This blog is not usually a place for very personal reflections. Today’s different, for reasons that will become evident.
A couple of weeks ago I set off for my regular half-hour pre-work run. I saw someone ahead, walking. Unusual, at just after 6.00 am – I see cars, other runners (as they zip past me) and cyclists, but rarely walkers, unless accompanied by dog. No dog in sight. The walker was slightly uncertain of gait and a couple of times strayed into the road and back. I was getting closer, and I did think of turning round and completing my run by a different route. Told myself not to be daft. As I got level with him I saw he was a black guy, perhaps in his 30s, with a raincoat and a woolen hat, no rucksack or baggage of any kind. He asked me the way to Sheffield. I told him Sheffield was back the way he’d come, and that ahead – a long, long way ahead – was Manchester. He didn’t respond, and I ran on. When I turned round to head home, he was still heading away from Sheffield, and he looked at me as I ran past as if we’d not spoken a few minutes earlier.
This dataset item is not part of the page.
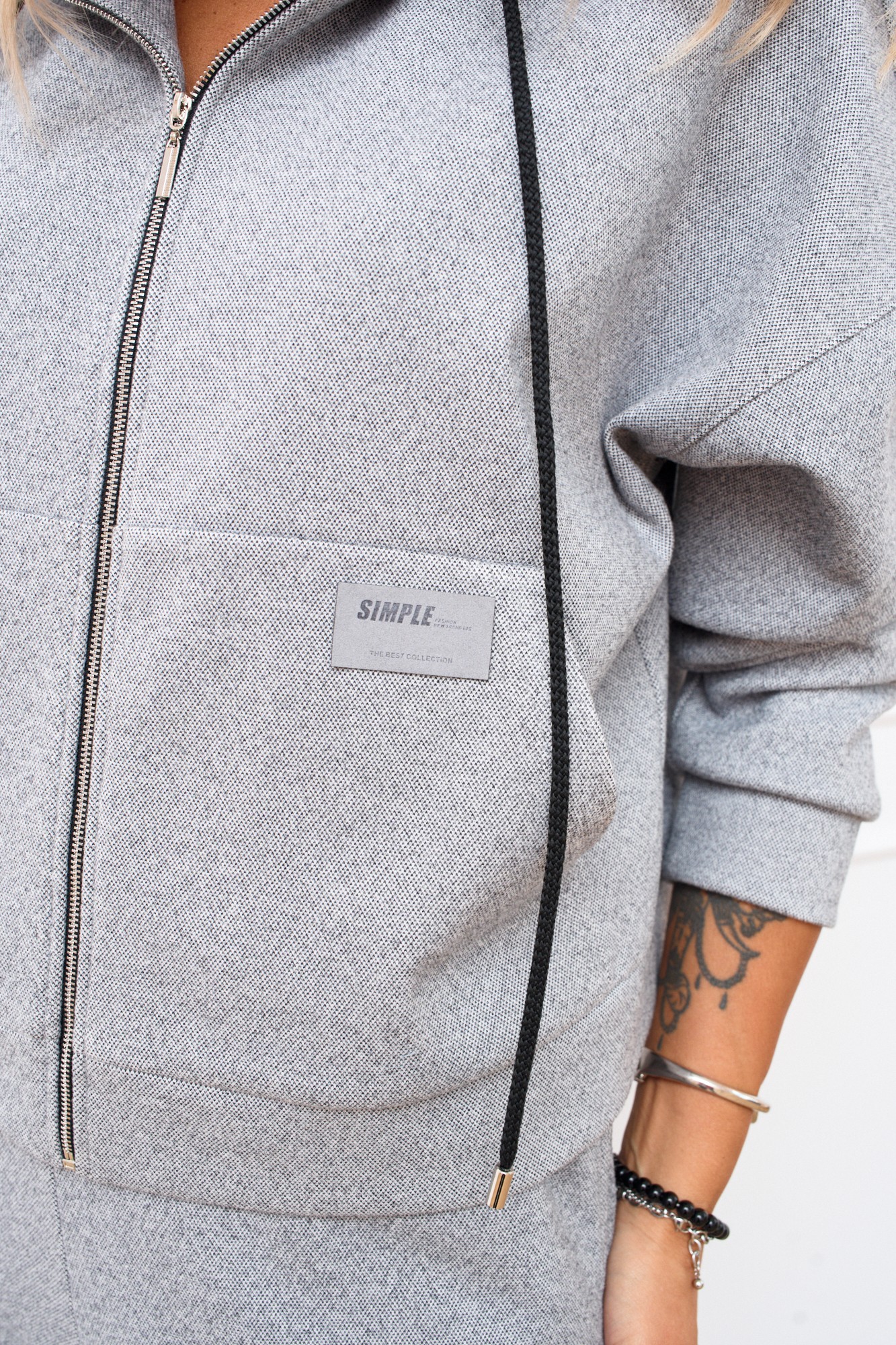 Костюм женский из нежнейшего мягкого трикотажного полотна. Толстовка прямого силуэта с центральной застёжкой на тесьму молнию по горловине мягкий капюшон с кулисой и шнуром обеспечивает дополнительный комфорт и защиту от ветра. Практичный карман-кенгуру обработан на передних половинках задекорирован стильной нашивкой. По низу изделия для лучшей посадки притачной пояс. Линия плеча спущена, рукав втачной по низу притачная манжета. Брюки прямого силуэта в боковых швах обработан карман. Верхний срез на притачном поясе на эластичной тесьме и шнуром что позволяет легко регулировать посадку. На задних половинках настрочен накладной карман.

I didn’t do anything. I thought about it, but ringing the police seemed wrong somehow. He hadn’t done anything (to my knowledge) and in the unlikely event that they took any action, it might well be traumatic for him – a black man possibly with drug and/or mental health problems is unlikely to have had positive interactions with the police. I couldn’t think what else I could do. On the other hand, if he strayed into the road on some of the bends further ahead, particularly as the traffic got heavier towards rush hour, he could be knocked down. And if he just kept on walking?
He didn’t look like he’d been sleeping rough, he didn’t look or sound drunk. He looked lost – not just that he didn’t know he was heading away from where he wanted to be, and didn’t change direction when he was told, but more profoundly lost. He didn’t look or sound dangerous, but I was alone, and I felt vulnerable. But I have thought a lot about this encounter. To ask myself if I should/could have done something. To wonder what happened to him. And as so often I ask myself what my mother would have done – and as soon as I ask I know. She would have stopped, talked to him, tried to find out why he was walking out along that road, away from the place he said he wanted to get to. She would have tried to help him. She might not have been able to, she might have been rebuffed, she might have put herself at risk, but she would have tried.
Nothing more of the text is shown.